-- What is being asked --
Exact reproduction is required for the lines below starting at the line with "At Aspelund: Peonies" and ending at the line with "полочка / шланг |", both included. No other lines, and no pictures.

Stored data
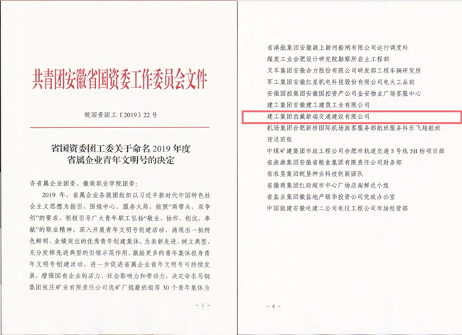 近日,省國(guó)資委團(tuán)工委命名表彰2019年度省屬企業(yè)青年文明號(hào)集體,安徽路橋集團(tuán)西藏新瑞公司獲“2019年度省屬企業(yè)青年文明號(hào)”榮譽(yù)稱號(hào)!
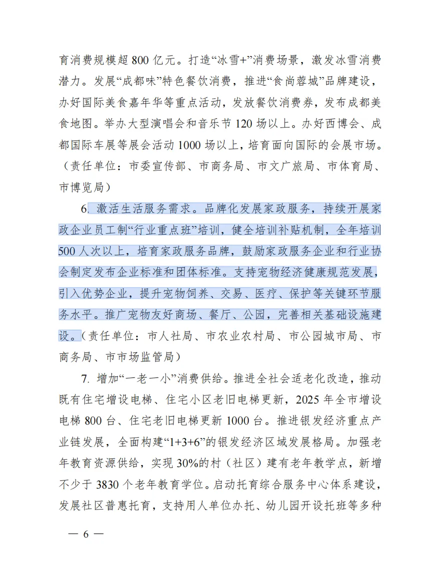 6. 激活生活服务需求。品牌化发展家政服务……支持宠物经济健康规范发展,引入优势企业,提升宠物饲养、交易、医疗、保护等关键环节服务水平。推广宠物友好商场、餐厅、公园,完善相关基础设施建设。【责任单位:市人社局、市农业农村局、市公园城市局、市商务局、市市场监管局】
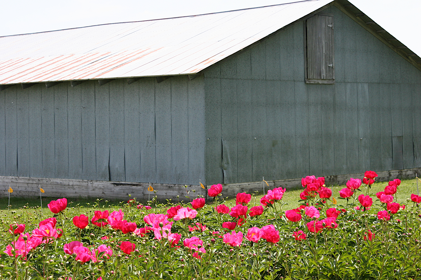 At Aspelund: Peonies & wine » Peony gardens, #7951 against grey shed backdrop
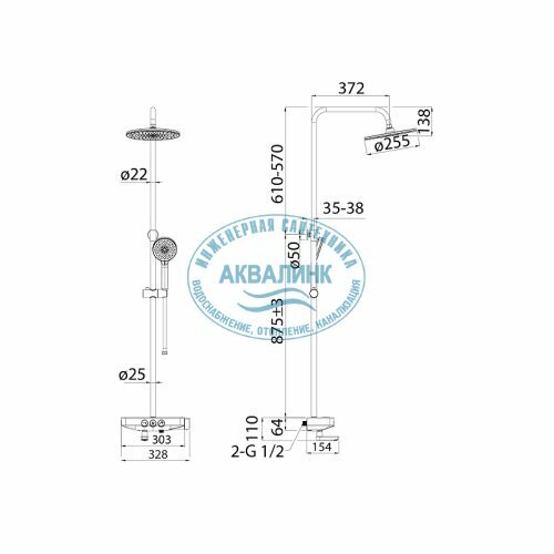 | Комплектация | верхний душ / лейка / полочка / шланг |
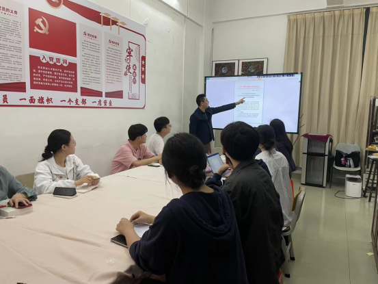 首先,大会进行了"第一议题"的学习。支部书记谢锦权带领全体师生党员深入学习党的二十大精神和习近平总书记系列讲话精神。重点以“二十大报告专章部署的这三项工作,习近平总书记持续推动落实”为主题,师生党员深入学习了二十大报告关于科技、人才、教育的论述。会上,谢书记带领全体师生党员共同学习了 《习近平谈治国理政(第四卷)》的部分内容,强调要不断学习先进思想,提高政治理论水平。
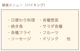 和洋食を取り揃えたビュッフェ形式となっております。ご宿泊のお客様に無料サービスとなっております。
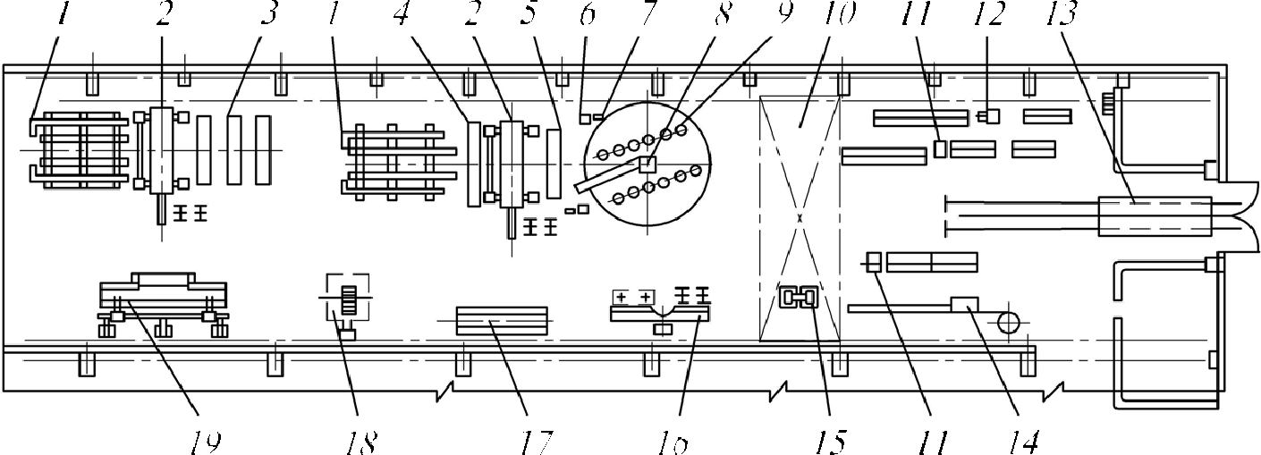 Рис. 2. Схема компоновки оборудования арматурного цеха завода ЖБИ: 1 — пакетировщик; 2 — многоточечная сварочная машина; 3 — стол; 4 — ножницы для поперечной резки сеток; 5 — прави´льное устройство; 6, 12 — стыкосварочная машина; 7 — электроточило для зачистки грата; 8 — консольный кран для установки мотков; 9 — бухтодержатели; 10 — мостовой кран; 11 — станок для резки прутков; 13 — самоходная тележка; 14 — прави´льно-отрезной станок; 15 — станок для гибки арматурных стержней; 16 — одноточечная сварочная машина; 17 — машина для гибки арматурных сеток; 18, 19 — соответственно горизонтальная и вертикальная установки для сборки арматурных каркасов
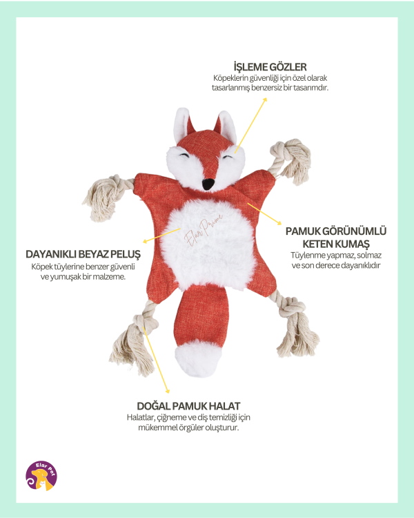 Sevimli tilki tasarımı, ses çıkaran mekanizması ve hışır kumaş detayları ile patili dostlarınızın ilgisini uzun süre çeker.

-- Answer below --
 At Aspelund: Peonies & wine » Peony gardens, #7951 against grey shed backdrop
 | Комплектация | верхний душ / лейка / полочка / шланг |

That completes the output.